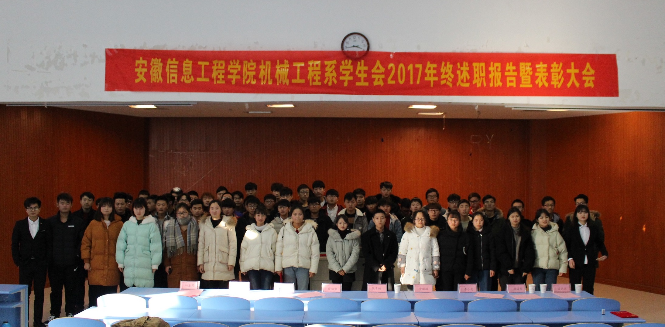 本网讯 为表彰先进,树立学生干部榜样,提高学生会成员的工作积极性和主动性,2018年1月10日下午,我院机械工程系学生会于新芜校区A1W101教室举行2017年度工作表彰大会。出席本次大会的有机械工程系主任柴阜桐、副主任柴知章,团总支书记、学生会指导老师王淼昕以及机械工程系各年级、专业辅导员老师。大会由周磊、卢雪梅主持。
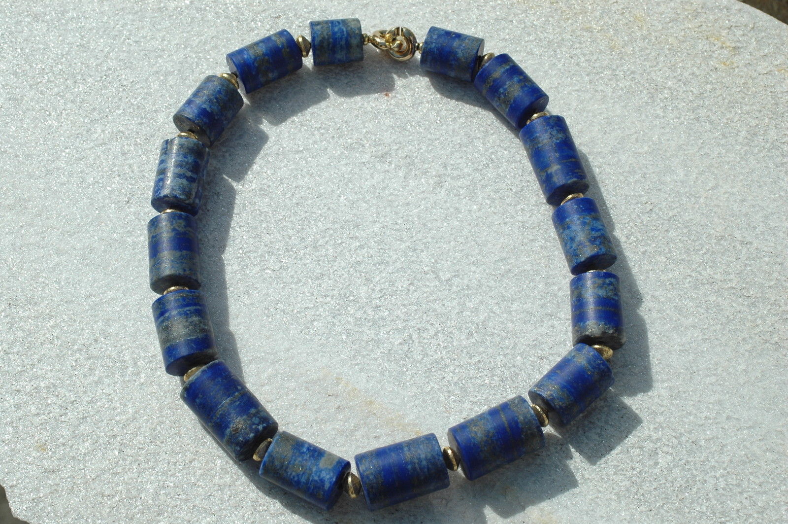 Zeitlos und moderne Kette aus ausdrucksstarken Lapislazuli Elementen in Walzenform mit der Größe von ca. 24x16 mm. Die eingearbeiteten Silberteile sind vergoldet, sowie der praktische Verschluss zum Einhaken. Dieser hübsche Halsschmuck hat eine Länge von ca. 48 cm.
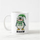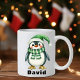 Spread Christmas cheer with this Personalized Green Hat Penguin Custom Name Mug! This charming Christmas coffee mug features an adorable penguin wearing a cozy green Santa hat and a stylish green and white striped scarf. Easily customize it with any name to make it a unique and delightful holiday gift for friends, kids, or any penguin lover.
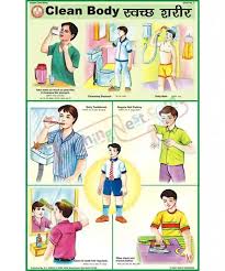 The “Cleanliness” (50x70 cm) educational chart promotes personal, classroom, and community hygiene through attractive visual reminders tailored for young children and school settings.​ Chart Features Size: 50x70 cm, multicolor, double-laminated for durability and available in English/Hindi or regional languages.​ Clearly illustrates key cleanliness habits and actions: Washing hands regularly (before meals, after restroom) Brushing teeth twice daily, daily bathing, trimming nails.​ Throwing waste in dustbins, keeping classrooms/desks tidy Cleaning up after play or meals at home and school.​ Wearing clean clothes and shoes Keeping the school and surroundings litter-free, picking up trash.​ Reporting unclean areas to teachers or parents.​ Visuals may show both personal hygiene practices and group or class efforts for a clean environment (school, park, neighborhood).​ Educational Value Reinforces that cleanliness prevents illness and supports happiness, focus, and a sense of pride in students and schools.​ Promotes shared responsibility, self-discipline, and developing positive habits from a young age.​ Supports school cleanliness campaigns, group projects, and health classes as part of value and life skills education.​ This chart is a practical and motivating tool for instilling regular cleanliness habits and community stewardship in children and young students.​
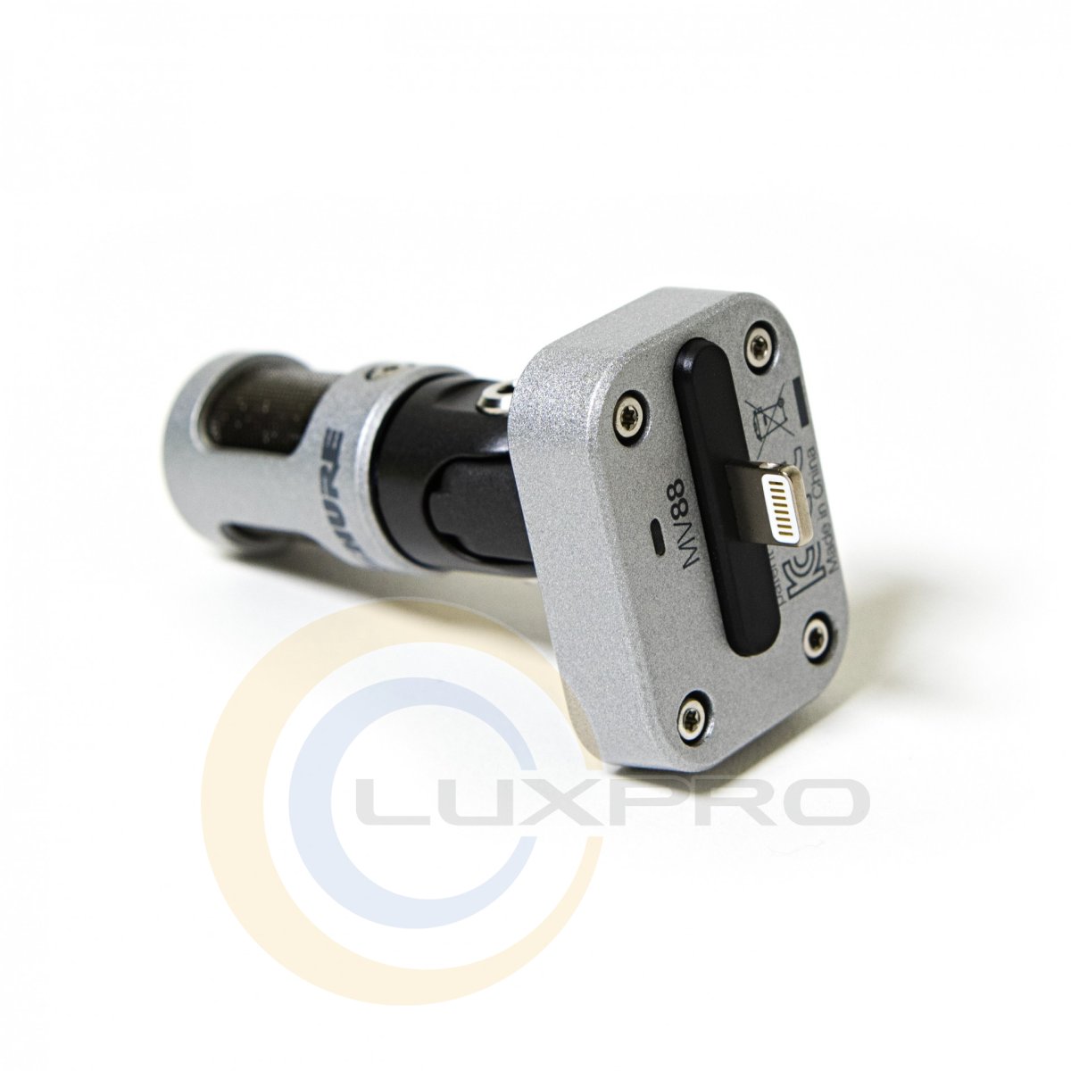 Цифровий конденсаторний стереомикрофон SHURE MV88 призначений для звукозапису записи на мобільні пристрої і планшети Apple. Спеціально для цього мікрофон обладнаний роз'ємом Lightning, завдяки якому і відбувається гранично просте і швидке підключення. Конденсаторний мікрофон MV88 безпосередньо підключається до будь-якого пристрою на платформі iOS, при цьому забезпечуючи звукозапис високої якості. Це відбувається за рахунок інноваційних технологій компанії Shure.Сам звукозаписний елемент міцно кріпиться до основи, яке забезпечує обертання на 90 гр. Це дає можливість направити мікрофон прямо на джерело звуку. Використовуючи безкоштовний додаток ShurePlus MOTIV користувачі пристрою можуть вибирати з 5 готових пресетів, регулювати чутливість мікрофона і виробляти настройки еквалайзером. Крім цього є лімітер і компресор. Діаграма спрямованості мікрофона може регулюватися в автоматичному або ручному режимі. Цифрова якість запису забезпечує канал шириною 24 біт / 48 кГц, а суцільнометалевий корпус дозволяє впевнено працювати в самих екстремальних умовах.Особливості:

= = = = =

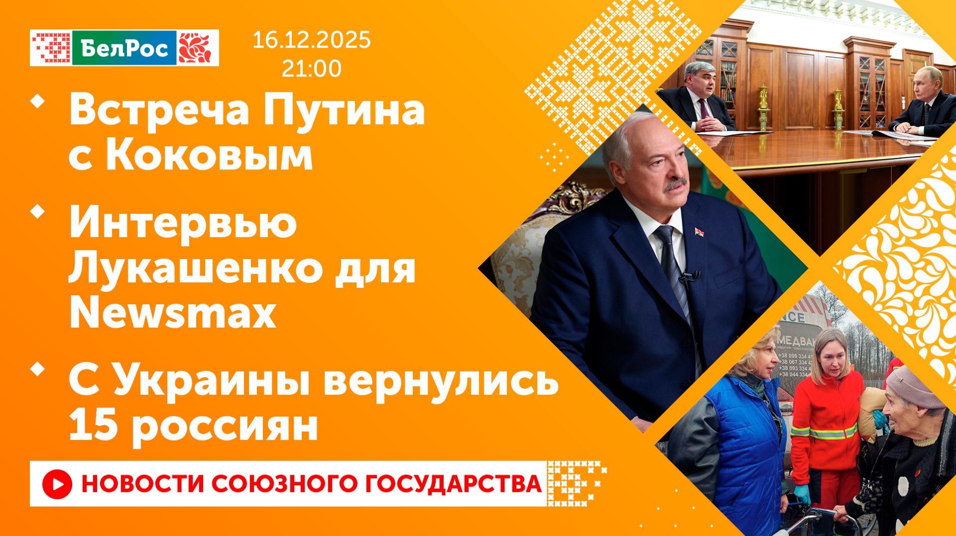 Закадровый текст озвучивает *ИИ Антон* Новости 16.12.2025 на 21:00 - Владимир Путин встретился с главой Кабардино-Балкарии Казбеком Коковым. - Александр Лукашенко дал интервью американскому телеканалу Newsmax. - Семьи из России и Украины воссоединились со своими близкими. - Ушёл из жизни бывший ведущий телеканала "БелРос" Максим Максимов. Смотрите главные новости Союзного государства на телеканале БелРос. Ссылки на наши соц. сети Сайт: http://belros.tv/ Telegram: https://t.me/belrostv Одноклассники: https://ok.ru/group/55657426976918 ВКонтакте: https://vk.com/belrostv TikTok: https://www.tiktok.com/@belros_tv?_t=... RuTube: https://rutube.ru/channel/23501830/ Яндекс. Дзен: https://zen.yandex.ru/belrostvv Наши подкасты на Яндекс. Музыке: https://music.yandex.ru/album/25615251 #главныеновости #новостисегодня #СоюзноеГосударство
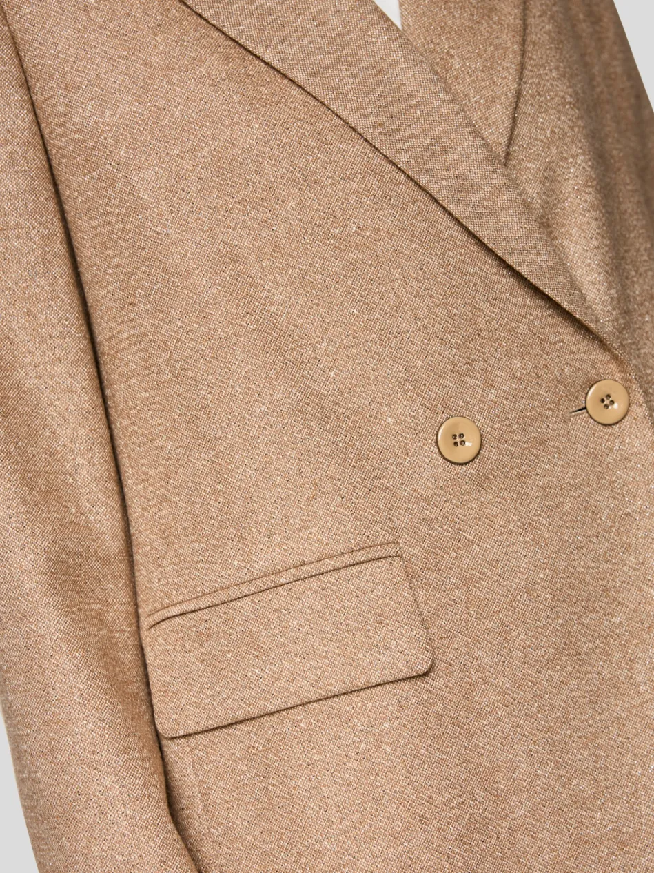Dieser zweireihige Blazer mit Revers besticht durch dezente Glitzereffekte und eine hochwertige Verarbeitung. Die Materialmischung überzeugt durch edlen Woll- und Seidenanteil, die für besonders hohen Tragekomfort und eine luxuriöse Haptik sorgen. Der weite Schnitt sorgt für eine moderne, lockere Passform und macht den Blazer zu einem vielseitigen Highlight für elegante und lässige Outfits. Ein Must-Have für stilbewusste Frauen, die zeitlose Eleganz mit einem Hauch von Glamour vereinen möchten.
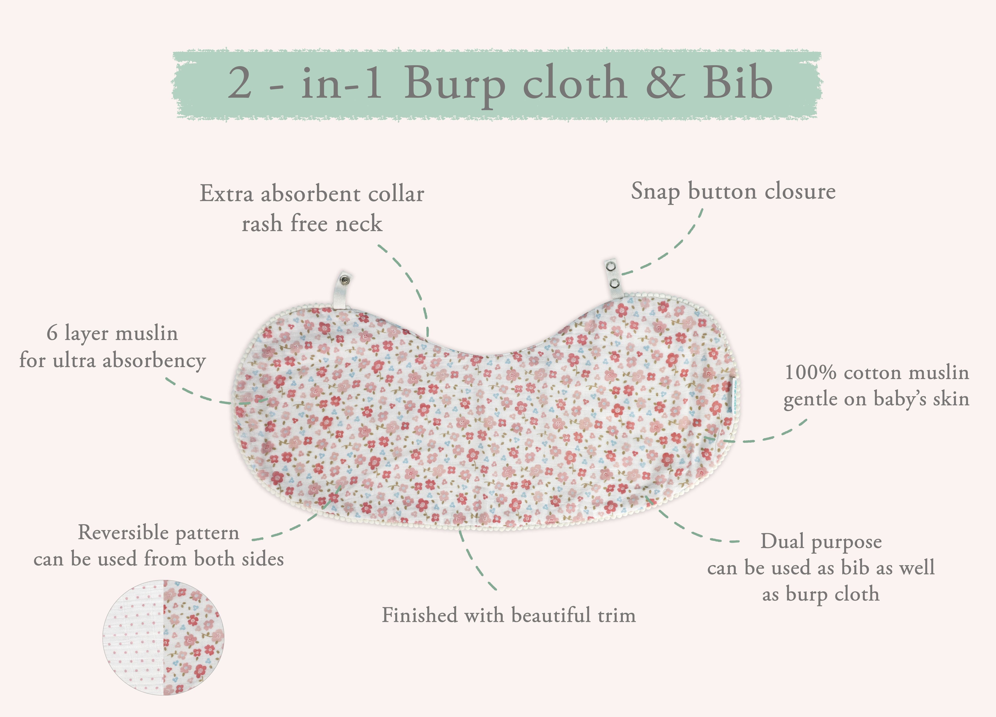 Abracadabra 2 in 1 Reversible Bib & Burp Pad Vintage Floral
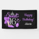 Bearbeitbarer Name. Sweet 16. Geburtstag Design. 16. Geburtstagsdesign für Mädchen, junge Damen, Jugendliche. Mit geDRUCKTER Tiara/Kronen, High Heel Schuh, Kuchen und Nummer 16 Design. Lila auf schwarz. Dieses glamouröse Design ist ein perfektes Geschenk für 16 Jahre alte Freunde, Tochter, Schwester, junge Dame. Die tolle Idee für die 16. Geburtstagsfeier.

= = = = =

> **Work to be completed**
Reproduce, word for word, everything in the listing above from the line containing "本网讯 为表彰先进,树立学生" down to the line containing "Spread Christmas cheer", both of them included. No pictures.

> **Exercise response**
 本网讯 为表彰先进,树立学生干部榜样,提高学生会成员的工作积极性和主动性,2018年1月10日下午,我院机械工程系学生会于新芜校区A1W101教室举行2017年度工作表彰大会。出席本次大会的有机械工程系主任柴阜桐、副主任柴知章,团总支书记、学生会指导老师王淼昕以及机械工程系各年级、专业辅导员老师。大会由周磊、卢雪梅主持。
 Zeitlos und moderne Kette aus ausdrucksstarken Lapislazuli Elementen in Walzenform mit der Größe von ca. 24x16 mm. Die eingearbeiteten Silberteile sind vergoldet, sowie der praktische Verschluss zum Einhaken. Dieser hübsche Halsschmuck hat eine Länge von ca. 48 cm.
 Spread Christmas cheer with this Personalized Green Hat Penguin Custom Name Mug! This charming Christmas coffee mug features an adorable penguin wearing a cozy green Santa hat and a stylish green and white striped scarf. Easily customize it with any name to make it a unique and delightful holiday gift for friends, kids, or any penguin lover.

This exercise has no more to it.